Merrigan straightened her shoulders as much as she could and set off down the road to Smilpotz. At least there was enough gravel packed into the road that the mud wasn't too awful, and she had shoes she didn't mind getting muddy. Not like they were satin slippers, or her favorite dancing shoes with the blue crystals. Leffisand had said it was like she danced on water when the light glistened on them. He would be horrified to see her walk through the mud in those particular slippers.
Then again, if he were here, she wouldn't be in this mess.
"Leffisand," she said with a sigh, as she trudged down the road. "For such a clever man, you were rather an idiot, weren't you?"
An odd twinge threatened a headache. Honesty compelled her to admit the true idiot ... was her. If she had just held her ground and not depended on so many panicky lies, she wouldn't have had to run to Clara for help. What fools ever got the idea that a woman who stared into pools of water could give them useful advice?
"You made this mess, Merrigan," she said as she reached the crest of the small hill and could see down the slope to the decent-sized town of Smilpotz. "Now it's up to you to fix it."
JUDGE BRIMBLE'S LARGE, recent inheritance was the talk of Smilpotz.

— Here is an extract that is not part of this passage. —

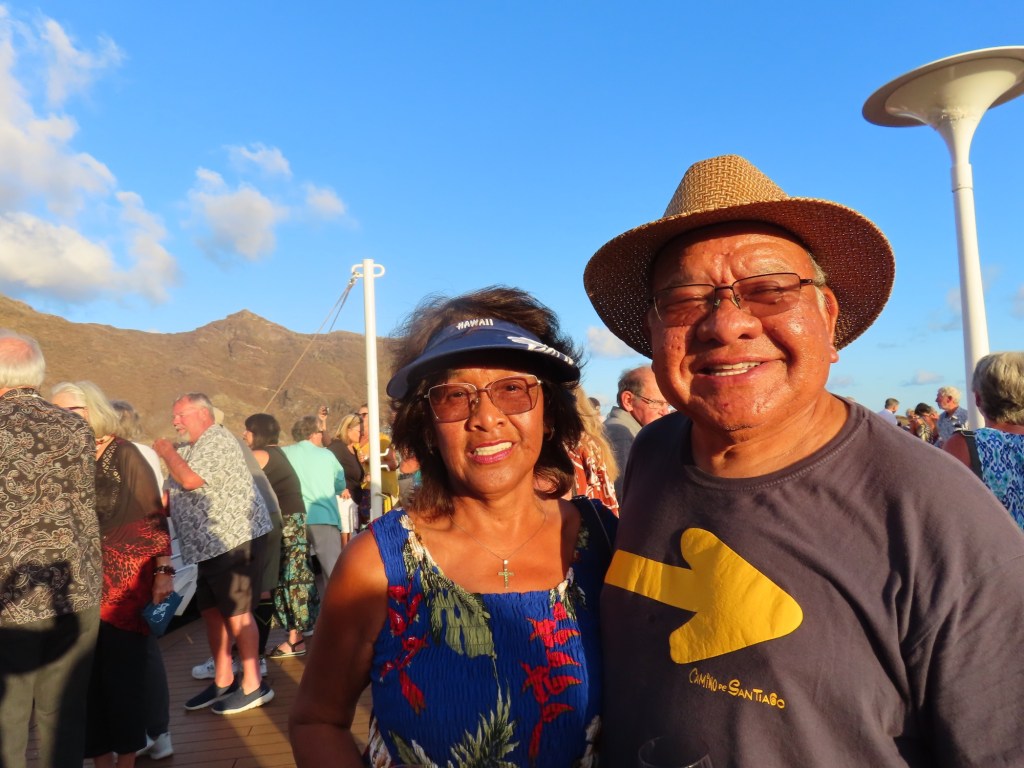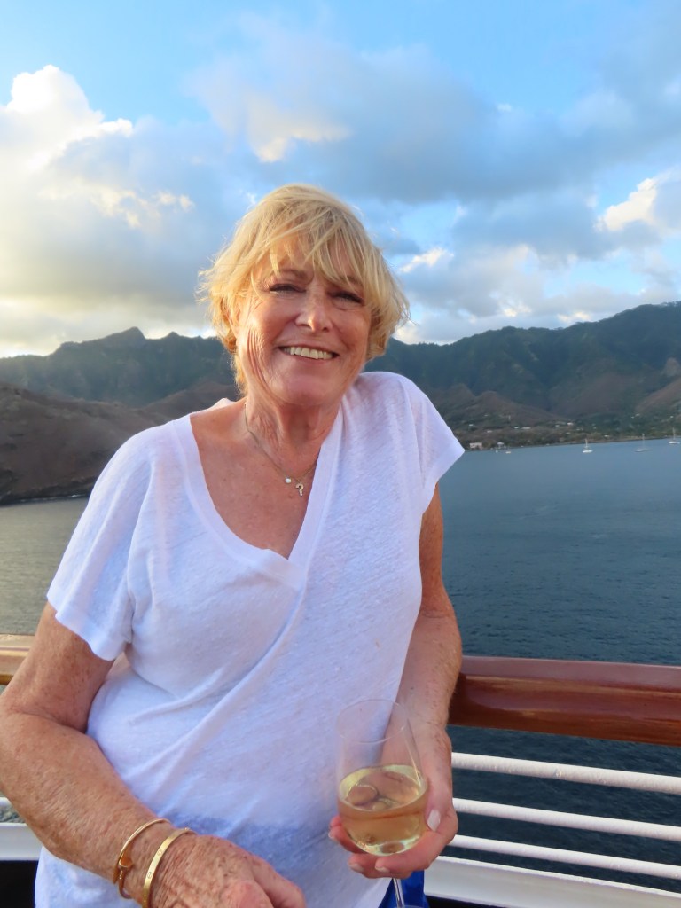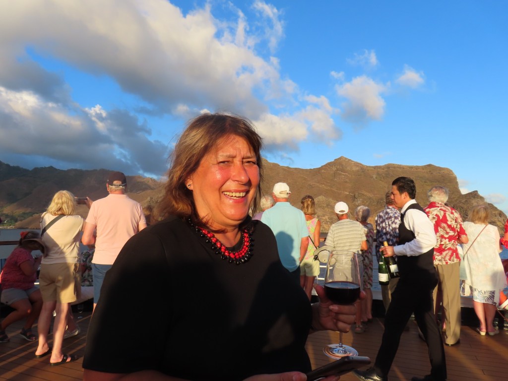 The last days at sea since we left Nuku Hiva, although it hasn’t exactly been stormy, has been quite difficult to walk.  I am not going to even try to dance today. It is probably worse today than any other day. The captain just told us that the seas are 3.5-4 metres and are low ones making it the worst. Thank God I don’t get sea sick.  They have left out in the elevator areas, “barf bags”.  There seems to be less today than originally were.  They have not taken off the netting in the pools, I guess because it is too dangerous.  I keep trying to take videos of the waves sloshing but never seem to get the good ones….timing is everything.  It seems to be an endless job on the pool decks, to squeegee the water off.  Anyway I am quite ready to be home although not exactly ready for the colder temperatures.  Presently it is 17C with force 4 winds from the north making it quite cool….quite a drop but not as cold as home. We are still 285 nautical miles SW of San Diego travelling at 15 knots….slower than we had been for a lot of of the last few days.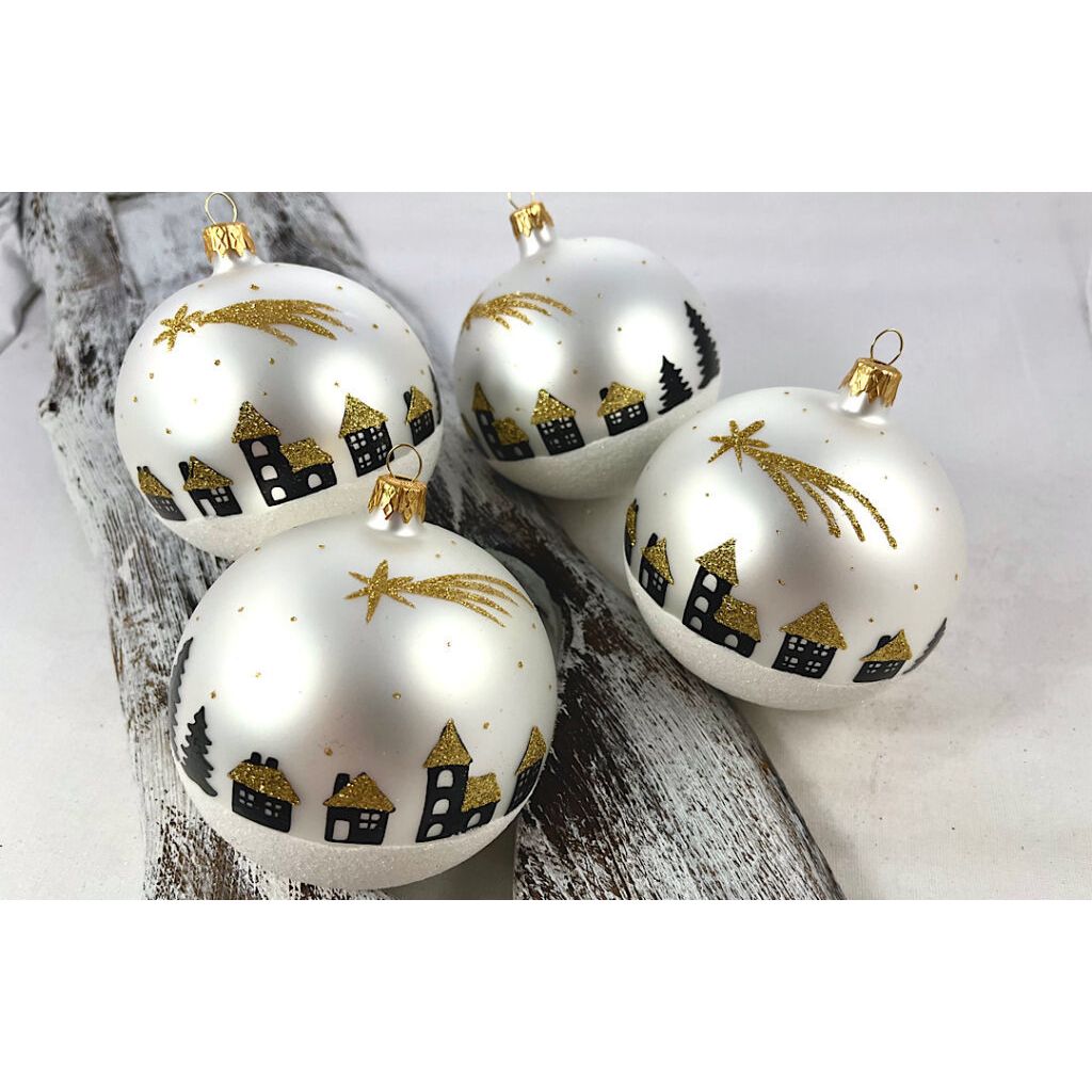 Vianočné gule 24/8736/10/4ks – chalúpky s kométou

Merrigan sat on the steps of the bakery, enjoying a freshly baked roll and a lovely, cold cup of milk, and listened to the gossips who had gathered on the steps of the apothecary next door. The people discussing the same subject on the
steps of the millinery across the street were even louder. Being turned into an old woman had taught her the joys of being nearly invisible, and the wealth of information that came from listening to people who talked far too freely for their own good. Merrigan had observed that some people proved the reliability of their information or opinions by raising their volume. She wasn't sure if she should be comforted or worried that it was the same among peasants as it was among courtiers.
The louder voices across the street informed her that Judge Brimble wasn't happy with the tailor who ran the best of the two fabric shops in town. His apprentice had gone home to tend to his dying father, so it was just the tailor, his wife and daughter to handle all the orders. The mayor's daughter was getting married in a fortnight, and the tailor was halfway through a large order of clothes for the bride, and for the wedding party. No matter how much the judge offered to pay him, he couldn't put aside the order because then he wouldn't finish on time.
The gossipy old women on the steps of the apothecary changed their chatter, in competition with the millinery gossips. The judge was far too talented at making people miserable if he didn't get what he wanted. He had already hinted the tailor's young daughter was just the sort of confection he liked. After money, fine clothes, and food, of course. Brimble would find some way to threaten the tailor's family until they either turned over their daughter to placate his injured pride or abandoned the wedding clothes.
"Poor child," one silver-haired, hawk-nosed old gossip said with a sigh. "Someone should do something. Judge Brimble is getting too big for his britches. In more than one sense!"
That set off a chorus of giggles among them.
Merrigan gritted her teeth. When she was younger, she had lost several serving maids to the predations of nasty old courtiers who insisted on having sweet young serving maids for their wives. Even worse, her father never believed her when she insisted the girls were going into dangerous situations. He always accused her of being selfish, and five serving maids just to attend to her needs were far too many.